数据分布,保证数据无倾斜,索引数据均匀:
- org_first_id和org_second_id字段都是在1-100间随机分布
- last_modify_dt在25天间随机分布
代码可以直接使用,详情见附件3
二、通过explain验证语句的索引使用
查看表的基本情况
show index from TM_ACCOUNT ; -- 看索引
执行结果,可以看到org_first_id/org_second_id的区分度,都很不错。
show table status like '%TM_ACCOUNT%'; -- 看表状态,有数据大小、索引大小、大概行数
可看到使用了InnoDB引擎,大概行数是1408599,实际行数是1500000整。
常规的查询
explain SELECT * from TM_ACCOUNT where ACCOUNT_ID = '10'; -- 典型的主键字段查询,非常快,type=const
explain SELECT * from TM_ACCOUNT where ACCOUNT_ID = '10'; -- 典型的主键字段查询,非常快,type=const
explain SELECT * from TM_ACCOUNT where NAME = 'name-11'; -- 典型的非索引字段查询,全表扫描
explain SELECT * from TM_ACCOUNT where ADDRESS = 'QR3xHEOpaLAVNFCtAKXY'; -- 典型的非索引字段查询,全表扫描
explain SELECT * from TM_ACCOUNT where LAST_MODIFY_DT = '2100-09-13 00:00:00' and ACCOUNT_ID > 100 LIMIT 2; -- 典型的范围查询,扫描索引。单速度也很快
通过改变查询条件,引导MySQL优化器,选择错误的索引、规则
下面通过3个SQL查询的结果对比,来复现MySQL优化器如何选错优化场景。(这里不讨论为何不换种写法,直接规避劣化SQL。往往出现这类SQL时,一是业务场景复杂,二是开发时数据量少并未发现,在生产环境才能出现)
-- SQL-1
explain
SELECT * from TM_ACCOUNT where org_first_id >= 99 and org_second_id in (1,2,3,60) and BIZ_DATE in ('2100-09-01','2100-09-02')and ACCOUNT_ID > '120306' order by ACCOUNT_ID desc LIMIT 5000;
查询结果:可见使用了IDX_org_id_combine索引,并用到索引范围扫描、回表查询、临时文件排序。不算是一个很好的查询语句,但实际业务中的查询条件,只会更复杂。直接查询耗时140ms。
-- SQL-2 坏案例-全表扫描;
explain
SELECT * from TM_ACCOUNT where org_first_id >= 90 and org_second_id in (1,2,3,60) and BIZ_DATE in ('2100-09-01','2100-09-02') and ACCOUNT_ID > '120306' order by ACCOUNT_ID desc LIMIT 5000;
查询结果:改变org_first_id条件,扩大查询范围,结果变成了主键索引的大范围扫描,预估扫描行数70万行,几乎是表总数的一半。直接查询耗时3900ms。

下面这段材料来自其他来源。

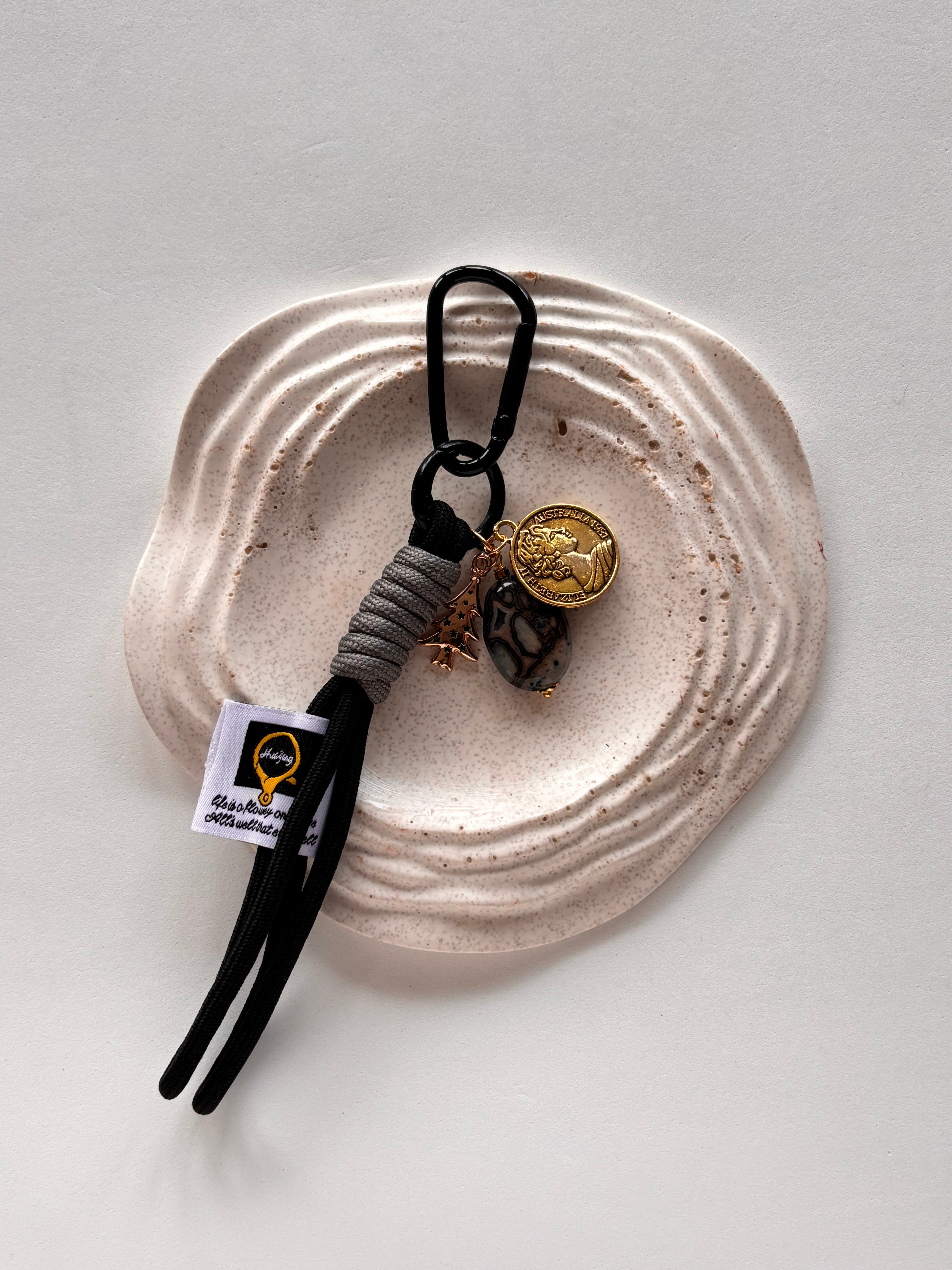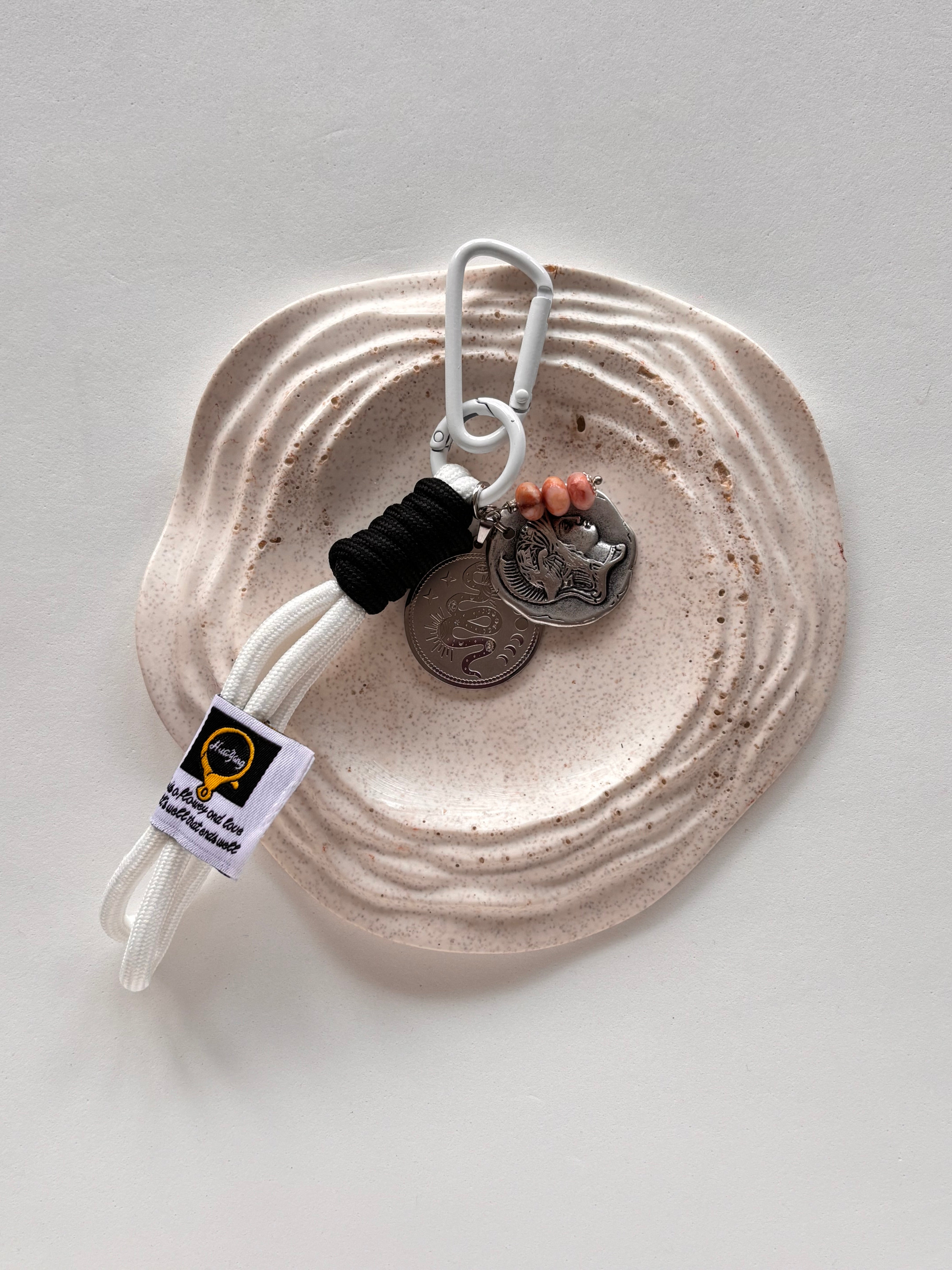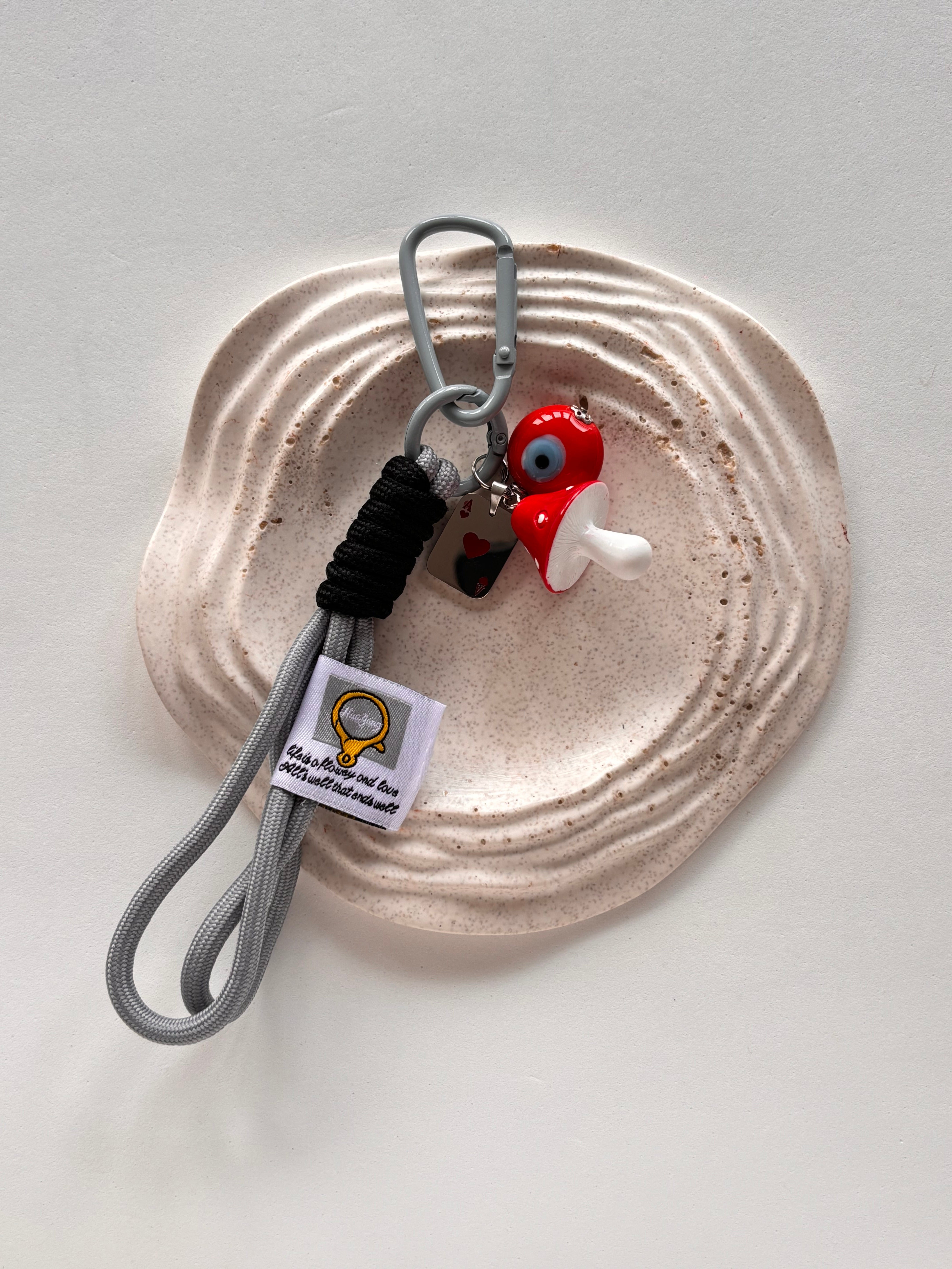 Ogni pezzo comprende due anellini portachiavi, nastro in tessuto e ciondoli diversi per tonalità di metallo e soggetti.

-- SQL-3 与SQL-1基本相同,但limit数量减少。
explain
SELECT * from TM_ACCOUNT where org_first_id >= 99 and org_second_id in (1,2,3,60) and BIZ_DATE in ('2100-09-01','2100-09-02') and ACCOUNT_ID > '120306' order by ACCOUNT_ID desc LIMIT 500;
查询结果:与SQL-1基本相同,但limit数量减少,即查询条件范围缩小,劣化成主键大范围扫描。 直接查询耗时1210ms。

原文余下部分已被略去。